__Task details__.
Please repeat exactly the lines below from the one containing "It’s truly an" down to the one containing "Desain Produk UKDW.", both included, and nothing else.

__Input material__.
============
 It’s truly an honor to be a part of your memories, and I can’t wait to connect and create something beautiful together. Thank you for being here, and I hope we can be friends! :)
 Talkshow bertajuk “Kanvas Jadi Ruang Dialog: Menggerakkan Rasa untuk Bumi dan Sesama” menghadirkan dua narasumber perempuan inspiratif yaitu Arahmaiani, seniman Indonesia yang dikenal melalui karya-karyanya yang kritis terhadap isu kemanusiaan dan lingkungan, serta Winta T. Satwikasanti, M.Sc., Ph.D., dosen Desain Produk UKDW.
============
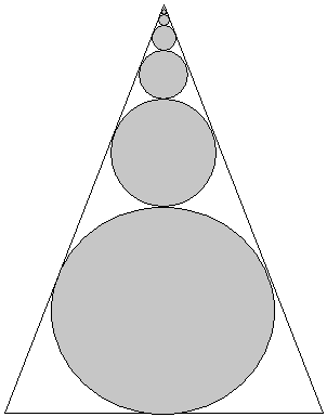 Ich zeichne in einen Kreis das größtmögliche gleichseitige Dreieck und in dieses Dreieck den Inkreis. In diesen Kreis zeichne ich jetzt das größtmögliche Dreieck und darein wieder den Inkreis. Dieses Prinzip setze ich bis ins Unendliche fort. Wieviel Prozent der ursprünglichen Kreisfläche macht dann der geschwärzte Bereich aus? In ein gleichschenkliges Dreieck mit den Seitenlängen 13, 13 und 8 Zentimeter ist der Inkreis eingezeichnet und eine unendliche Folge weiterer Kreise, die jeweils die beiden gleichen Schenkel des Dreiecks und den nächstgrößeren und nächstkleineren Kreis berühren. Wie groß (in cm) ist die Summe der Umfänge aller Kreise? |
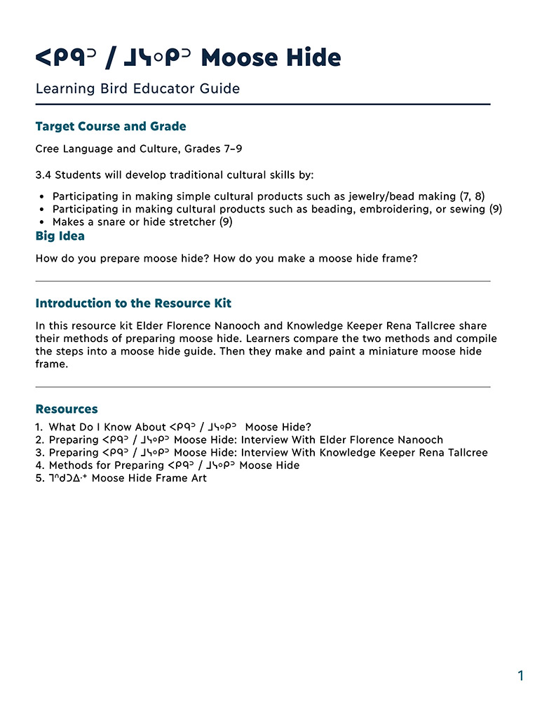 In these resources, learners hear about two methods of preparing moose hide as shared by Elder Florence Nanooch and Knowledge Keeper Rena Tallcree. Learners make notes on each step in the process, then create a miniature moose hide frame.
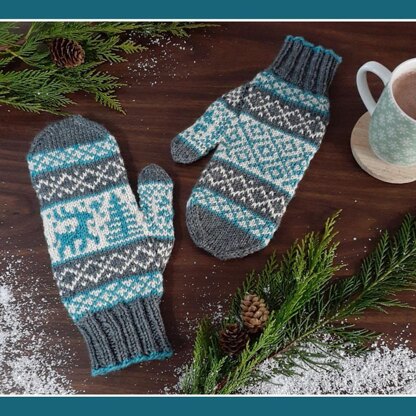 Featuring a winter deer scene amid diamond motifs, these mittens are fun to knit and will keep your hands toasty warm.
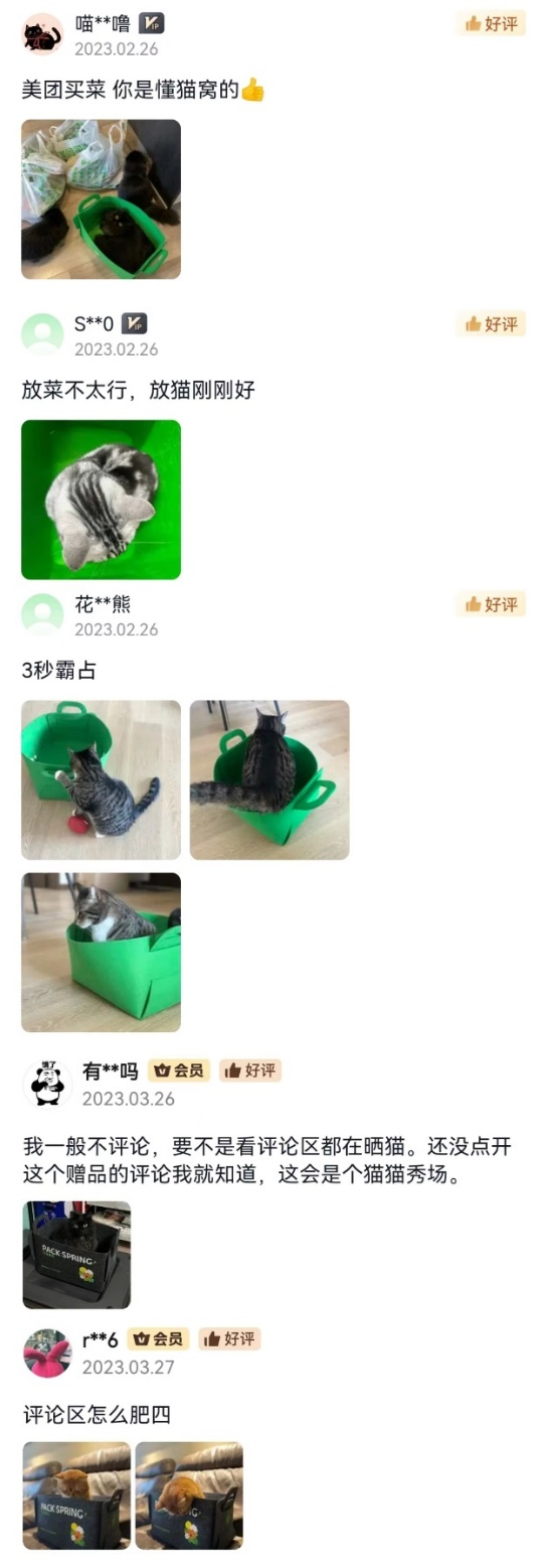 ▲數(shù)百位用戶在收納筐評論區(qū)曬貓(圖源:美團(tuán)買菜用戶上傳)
============
__Exercise response__.
 It’s truly an honor to be a part of your memories, and I can’t wait to connect and create something beautiful together. Thank you for being here, and I hope we can be friends! :)
 Talkshow bertajuk “Kanvas Jadi Ruang Dialog: Menggerakkan Rasa untuk Bumi dan Sesama” menghadirkan dua narasumber perempuan inspiratif yaitu Arahmaiani, seniman Indonesia yang dikenal melalui karya-karyanya yang kritis terhadap isu kemanusiaan dan lingkungan, serta Winta T. Satwikasanti, M.Sc., Ph.D., dosen Desain Produk UKDW.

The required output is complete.